The task:
Leave out the pictures, then output the lines of the records below from the first through the one containing "di Annalisa De Vivo".

Records from a dataset:
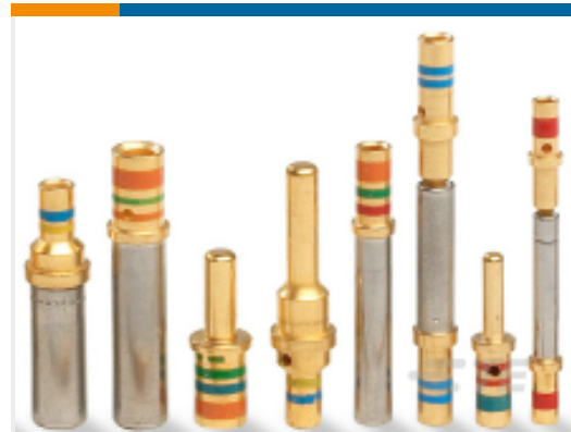
TE 产品编号 ZPF0000000000000358 006-0937-12 A
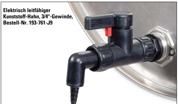
Elektrisch leitfähiger Kunststoff-Hahn, 3/4"-Gewinde, Bestell-Nr. 193-761-J9
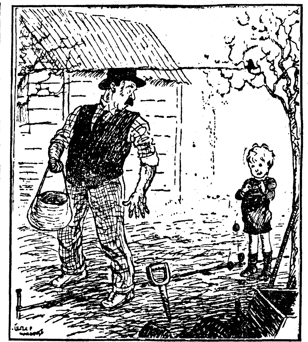
EL NIÑO: ¡Mira, papá! ¡He sacado todas, todas las patatas que metiste ayer debajo de tierra!
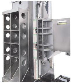
Gusskörper mit großer Spannweite
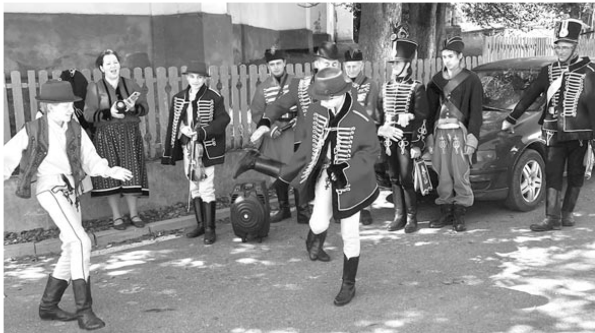
Toborzótánc Makfalva központjában – így válogatták hajdan is a nemzetőröknek való legényeket
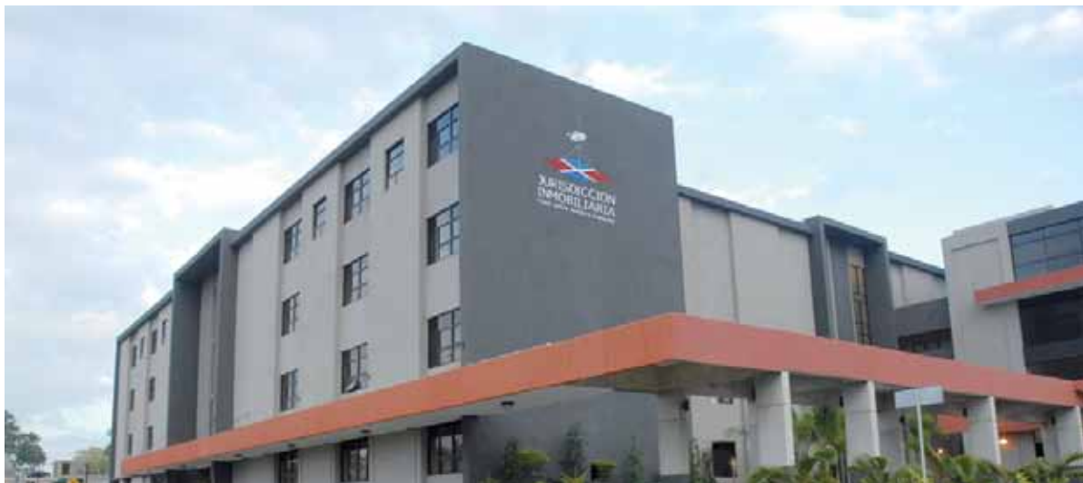
Jurisdicción Inmobiliaria del Poder Judicial.

El Consejo del Poder Judicial (CPJ) aprobó la modificación del Reglamento de los Tribunales Superiores de Tierras (TST) y de Jurisdicción Original de la Jurisdicción Inmobiliaria, en el cual dispone la implementación de salas y la realización de sorteos aleatorios en la distribución de los expedientes.
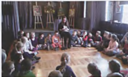
Cały Luboń Czyta Dzieciom
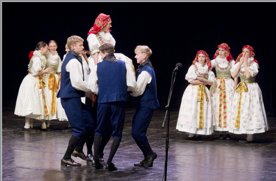
Spolu na stejnou notu, Městské divadlo Zlín, 21. 4. 2024 (choreografie Fryštácká chaso, na zól)
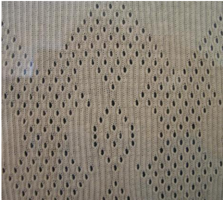
Transfer Muster Transfer Pattern
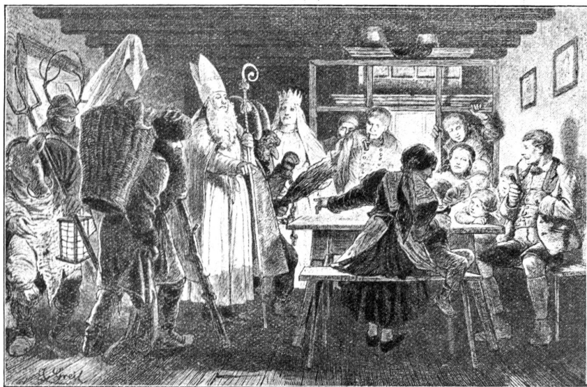
St. Nikolaus in Windischgarten.

nichts, auch jener Bauer ging hinaus, „da packte ihn der Wolf und fraß ihn auf — nur die Stiefel blieben übrig.“
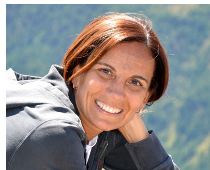
di Annalisa De Vivo

Con l'effettiva discesa in campo della Guardia di Finanza, chiamata dal D.Lgs. 231/2007 a svolgere attività di controllo sul territorio in relazione al corretto adempimento degli obblighi antiriciclaggio da parte dei professionisti destinatari della relativa disciplina, questi ultimi hanno dovuto acquisire familiarità non solo con la normativa primaria, ormai in vigore da molti anni, ma anche con la complessa regolamentazione attuativa e con la prassi inerente alla predisposizione delle misure antiriciclaggio all'interno degli studi professionali.
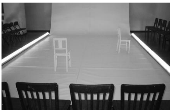
Escrever, Falar

texto de WILLIAM SHAKESPEARE encenação RICARDO PAIS produção TNSJ
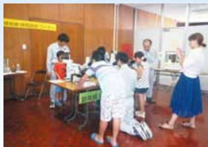
微生物の顕微鏡観察
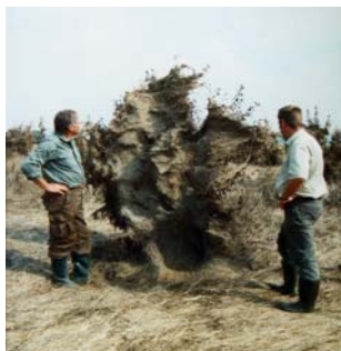
Abb. 7 Äußerst bizarre „Lehmstrauchplastiken“ im Jahrhunderthochwasser
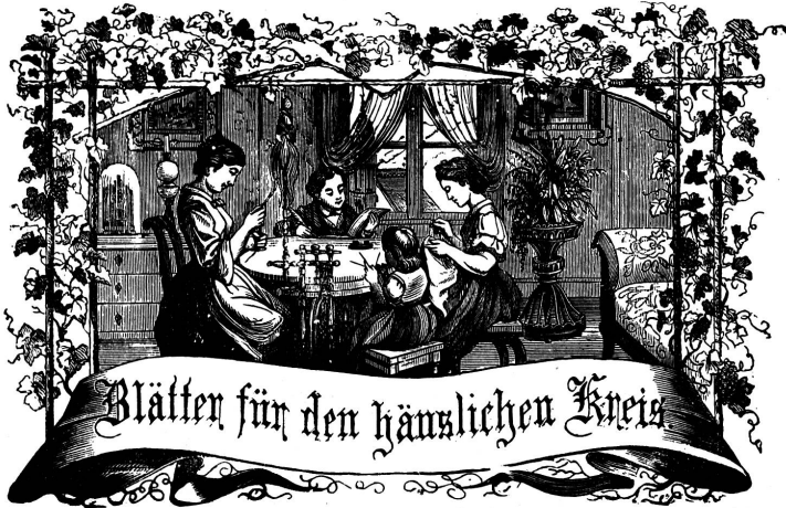
Wort: Immer Kreise zum Gange, und kannst du selber kein Gange werden, als dienendes Glied schliesst an ein Ganges dich an!

Organ für die Interessen der Frauenwelt.
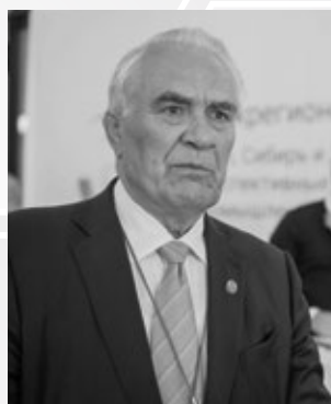
Шмаль Геннадий Иосифович

Президент Союза нефтегазопромышленников России
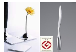
【高耐蝕性アルミに機能性を持たせた「AQUARIUM」】
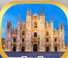
มหาวิหารมิลาน
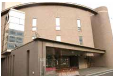
◀特別養護老人ホームサンハイム荒川の外観
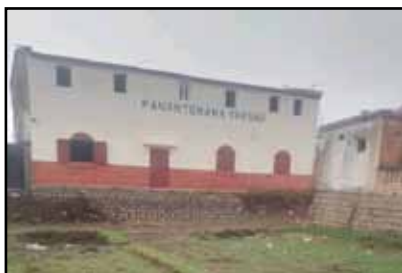
Bepillantás a madagaszkári szegény- és árvagyerekekről gondoskodó metodista központ életébe
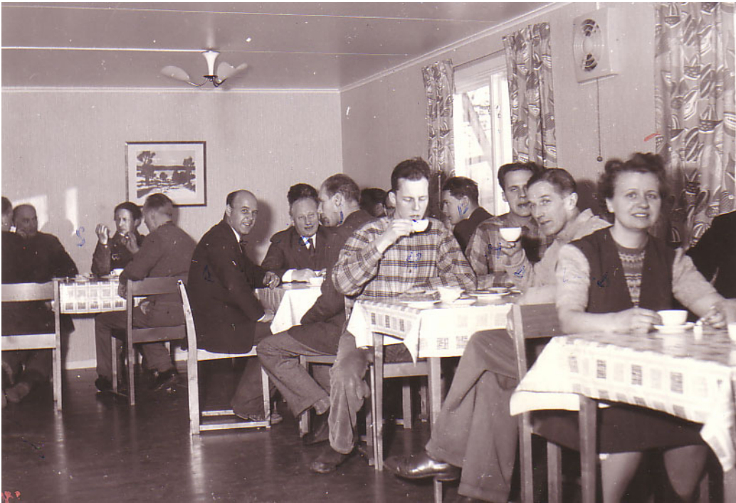
Invigningen av lunchrummet i Kvarnfors.
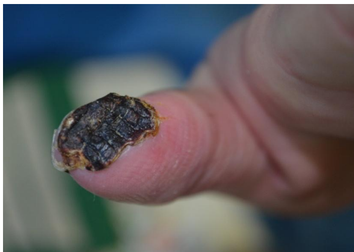
Slika 4 Suha nekroza jagodice lijevog palca

Na kontrolnom pregledu nakon osam tjedana po otpustu iz Klinike, a nakon provedenog liječenja u Dnevnoj bolnici i nakon završene HBOT došlo je do autoamputacije nekrotičnog dijela palca, a zaostao je dobro prokrvljen ulkus koji je spontano iscijelio (Slika 5).

Solution for this task:
TE 产品编号 ZPF0000000000000358 006-0937-12 A
Elektrisch leitfähiger Kunststoff-Hahn, 3/4"-Gewinde, Bestell-Nr. 193-761-J9
EL NIÑO: ¡Mira, papá! ¡He sacado todas, todas las patatas que metiste ayer debajo de tierra!
Gusskörper mit großer Spannweite
Toborzótánc Makfalva központjában – így válogatták hajdan is a nemzetőröknek való legényeket
Jurisdicción Inmobiliaria del Poder Judicial.

El Consejo del Poder Judicial (CPJ) aprobó la modificación del Reglamento de los Tribunales Superiores de Tierras (TST) y de Jurisdicción Original de la Jurisdicción Inmobiliaria, en el cual dispone la implementación de salas y la realización de sorteos aleatorios en la distribución de los expedientes.
Cały Luboń Czyta Dzieciom
Spolu na stejnou notu, Městské divadlo Zlín, 21. 4. 2024 (choreografie Fryštácká chaso, na zól)
Transfer Muster Transfer Pattern
St. Nikolaus in Windischgarten.

nichts, auch jener Bauer ging hinaus, „da packte ihn der Wolf und fraß ihn auf — nur die Stiefel blieben übrig.“
di Annalisa De Vivo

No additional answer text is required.